|Form||50% Glycerol soluttion + Buffer 10x|
|Purity||>95% by SDS PAGE|
Tick-Taq DNA Polymerase is a genetically modified version of Taq DNA polymerase optimized for all standard PCR applications. It provides higher sensitivity, longer PCR products and higher yields compared to conventional Taq DNA polymerases. Tick-Taq DNA Polymerase could be used with the same cycling conditions as conventional Taq DNA polymerase with minimum optimization. It is supplied with optimized Tick-Taq 10x buffer, which includes 20 mM MgCl2.

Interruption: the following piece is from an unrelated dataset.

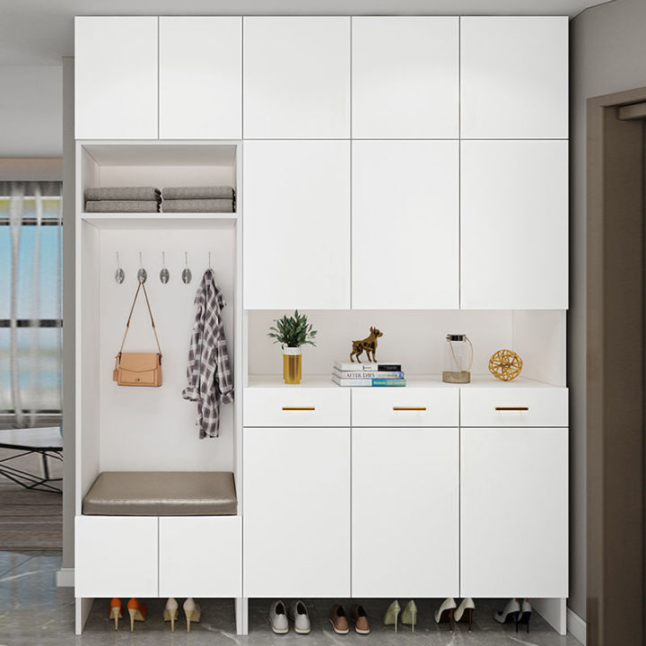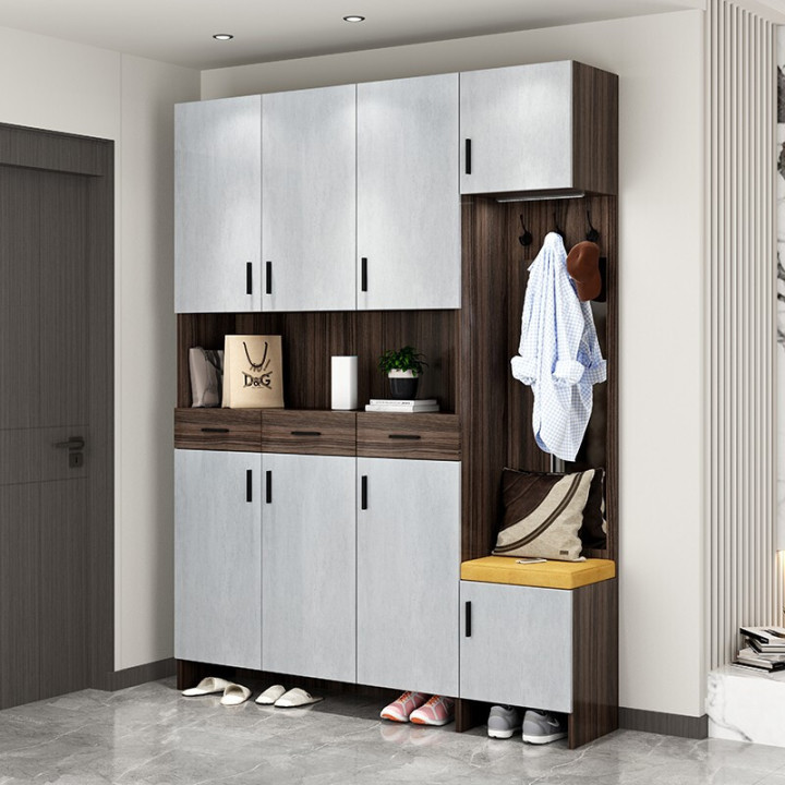 一体式的玄关柜,鞋柜+换鞋凳+挂衣区,增加储物能力并方便外出。
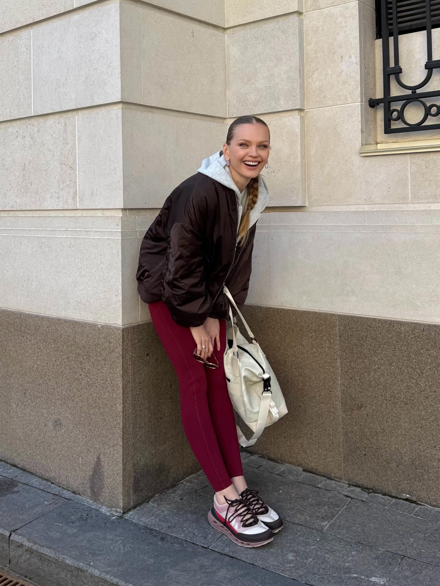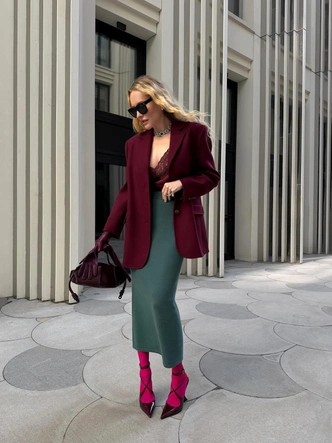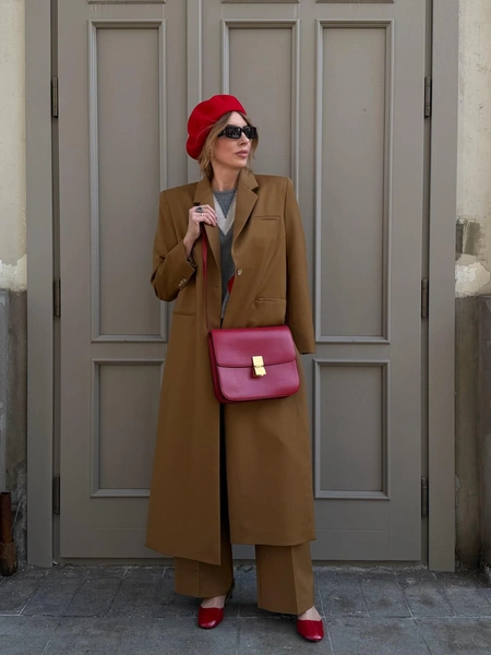 Ну а если вам хочется более смелых, и при этом безопасных сочетаний, берите пример с Оксаны Бондарчук. Оттенок какао звезда удачно дополнила кораллово-розовым акцентом, а комплект цвета охры разбавила нейтральным серым, вишневым и алым. Для нынешней погоды, когда еще рано с ног до головы облачаться в белый и пастель, — самое то.

Tick-Taq DNA polymerase is a highly pure recombinant enzyme with a high processivity. It contains His6 tag and could be efficiently removed for downstream applications. It is supplied with proprietary Tick-Taq 10x buffer, which includes KCl, (NH4)2SO4 and 20 mM MgCl2. The concentration is 5 U/ul. Typical reaction setup (25-45 cycles): Initial denaturation: 95°C 1-3 min, Denaturation: 95°C 30 s, Annealing: Tm-5°C 30 s, Extension*: 72°C 1 min, Final Extension: 72°C 5-15 min. *The recommended extension time is 1 min for PCR products up to 2 kb. For longer products, the extension time should be prolonged by 1 min/kb.
PCR reactions, PCR labeling - effectively incorporates modified dUTP (Biotin, Digoxigenin, Fluorescein), PCR Mutagenesis, Fill-in reactions, Primer extension, T/A cloning
Storage buffer: 50mM Tris pH 8.0, 150 mM NaCl, 1 mM DTT, 0.1mM EDTA, 0.5% (v/v) Tween 20, 50% (v/v) glycerol
Product overhang: 3'-A
Store at -20°C
For research use only. Not for use in diagnostic procedures.